En fait, à la base, mon prochain article traitait à propos de la récente et étrange coupe du monde 2006 en Allemagne. Non pas pour parlé du coup de boule de Zidane, non pas pour parlé de cette coupe que l'on a faillit avoir, ni pour parler de Ribery, de Domenech, de Trezeguet ou quique ce soit d'autre. En réalité il est astuscieux de remarquer que depuis le début de cette coupe du monde, les journaux télévisés ne parlent plus que de ça, oubliants aux avantages de certaines politiques, les dossiers et autres importances sur des affaires telles que l'affaire ClearStream. Le tout sur la joie d'une fanfare sonore et patriotique que represente le football mondial et sa coupe en or qui , a elle seule, aurait permit de nourrire des centaines de pauvres petits Somaliens. Enfin, on connait la chanson.
Aprés tout j'ai tout de même apprécié de regarder cette coupe du monde. Il y a un certains "truc" qui accroche mine de rien.
Peut être certains pourraient voir un semblant de ma personne à travers ces précédentes lignes. Oui, j'ai l'esprit critique. Je ne m'en vanterai absoluement pas. Pourquoi? parceque ce n'est pas forcément une qualité, et en tout cas, une qualité qui n'est reconnut qu'en "phrasé".. c'est à dire que les gens de mon âge , disons, ont souvent tendance et cracher plus ou moins sur les gens qui critiquent.
Il y a certes plusieurs manière de critiquer. Il y a la critique sans interêt et blessante que je ne placerai même pas dans la catégorie critique. Deplus elle est sans la moindre profondeur et ne s'exprime au moyen d'insultes et autres diffamations.
Exemple: "tu n'es qu'un gros con, t'a rien dans le crâne abrutis, tu es pathétique".
<<notes: pathétique, mot que beaucoup de "critiqueurs beaufs" emploient sans même avoir le véritable sens de ce mot, jusque parcequ'un méchant de jeux video ou de film l'a employé. Pathétique signifie, qui interpréte la tristesse (le pathos) d'une manière globale.>>
Ce genre de critique est vraiment ridicule. Deplus elle ne contribue qu'a animer l'animosité entre les personnes échangeants des propos. Déjà qu'avec certains, même avec une critique cool et construite, l'animositer se créee parfois.
Ensuite nous avons la critique pas méchante mais plate. Le même genre que plus haut, en beaucoup plus acceptable. Cette critique est facilement critiquable (yeah!).
Exemple: << je trouve que led zepplin c'est nul parceque j'aime pas.>> Point barre!
Ca me fera toujours rire. Certains ne trouvent même plus la force d'en dire plus.
On tombe bien bas, mais bon, on ne peut en vouloir a personne...
Mais c'est facilement agaçant avec les personnes REFUSANTS catégoriquement l'argumentation, encore pire avec ceux qui aprés s'esclafent: "Mé lol chui po 1 1telo mdr j'kif pa ékrir d truk 2 filosofe kiffage a donf".
(bon ok, c'est satyrique, mais on en est pas loin). Navrant.
Ensuite il y a la critique courageuse, mais qui s'écrase.

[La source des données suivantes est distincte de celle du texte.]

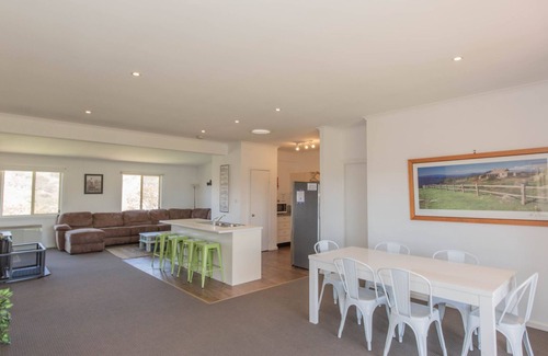 One room features a King Bed with wall-mounted TV and ensuite, two rooms feature queen beds, with the other two featuring a set of bunks each. The kitchen is well equipped and there's a BBQ and outdoor setting for those warm summer nights. There are 2 TV's, one with DVD player, free Wi-Fi and Foxtel are provided and an expansive yard for the kids to play in. Keep warm in winter with an reverse cycle air conditioner or next to the wood combustion fire (wood not included) while enjoying the beautiful sunsets over the tranquil Snowies. There is also electric heating throughout, full laundry and a beautiful front porch.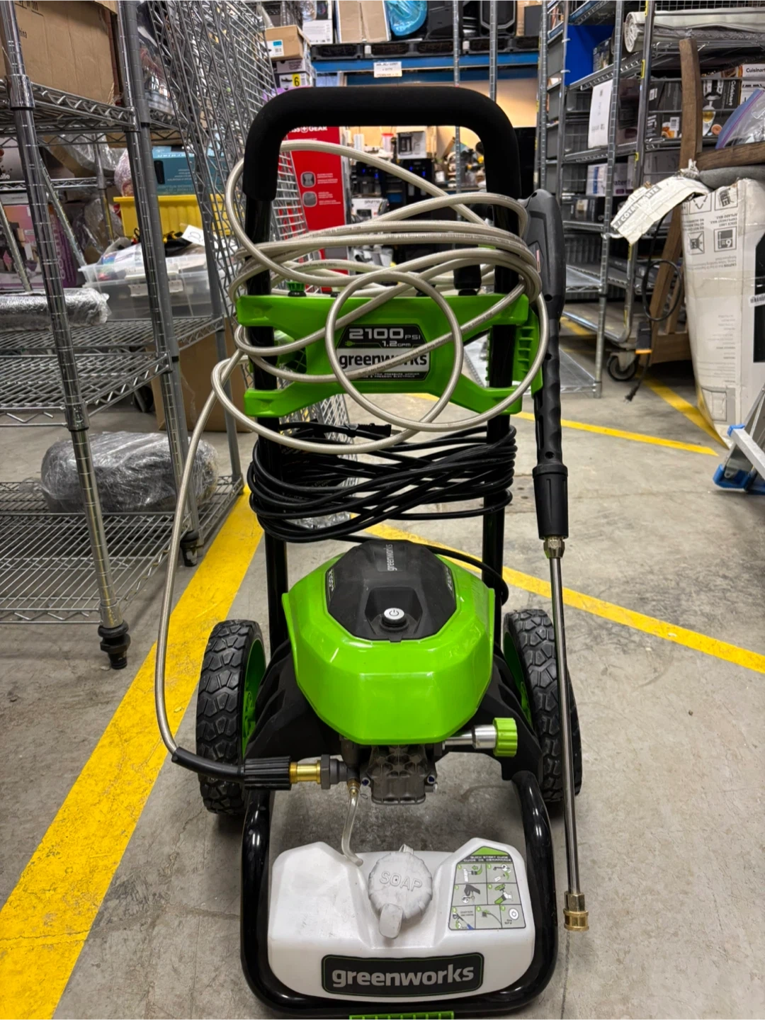 Greenworks pressure washer with 2100 PSI and 1.2 GPM. Includes hose and spray gun. It's a green and black electric model on wheels. Great for outdoor cleaning tasks!

Il y a la pertinence, mais il n'y a pas... la construction.
N'ayant pas d'exemple sous la main, je vous laisse "interpréter" mes propos.

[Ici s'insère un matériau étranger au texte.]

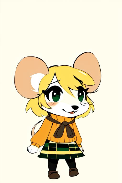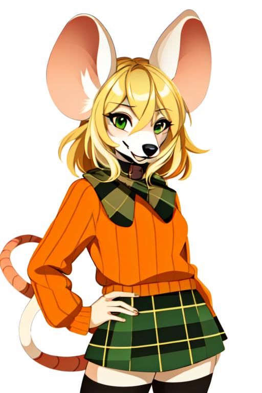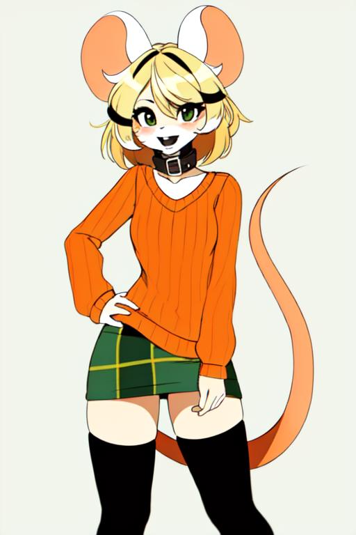 This is a basic Lora model of Mouse Ashley. Trained with around 30 images in different styles (most from the classic meme format, so sometimes might be able to create that style). To trigger use "moushley, mouse ashley, orange sweater, green plaid skirt, furry female, white mouse" Might generate a lot of white or empty background, but keep playing with the prompt weights to get better results.

Et enfin, il y a la "bonne" critique, à différent degrés.
La critique éventuellement pertinente, mais surtout construite , avec des arguments solides, qui tiennent debout, et qui ménent quelques part.
Pas d'exemple, car sinon.. je vous vois venir!
d'ailleurs à ce propos, je n'insinue aucunément que mes critiques font forcément partis de cette dernière catégorie, bien au contraire, j'écris parfois des critiques plates, mais certainement jamais celle de la première catégorie.
Ce que je veux dire avec cet article(qui s'adresse aux gens ayant des formes de réticences envers la pratique régulière de la critique) c'est qu'une personne critiquant n'est pas forcément un type relou coincé du cul qui casse lambiance.
Aprés ca dépend de la personne, de ses propos, du nombre de fois qu'il critique, comment, sur quel ton etc.
Une critique doit être accepté sans pour autant forcément donné raison a l'auteur de la critique.
bon évidement il y a des critiques inaceptable. Un type généreux qui donne clairement aux autres ne peut pas accépter la critique "tu es égoïste".
Par ailleurs, quand je parle de critique, je préfére éviter de parlé de jugement.
Les jugements direct envers la personne d'autrui sont souvent sujet d'animosités profondes. Les jugements de comportements le sont moins.. mais beaucoup font l'amalgame.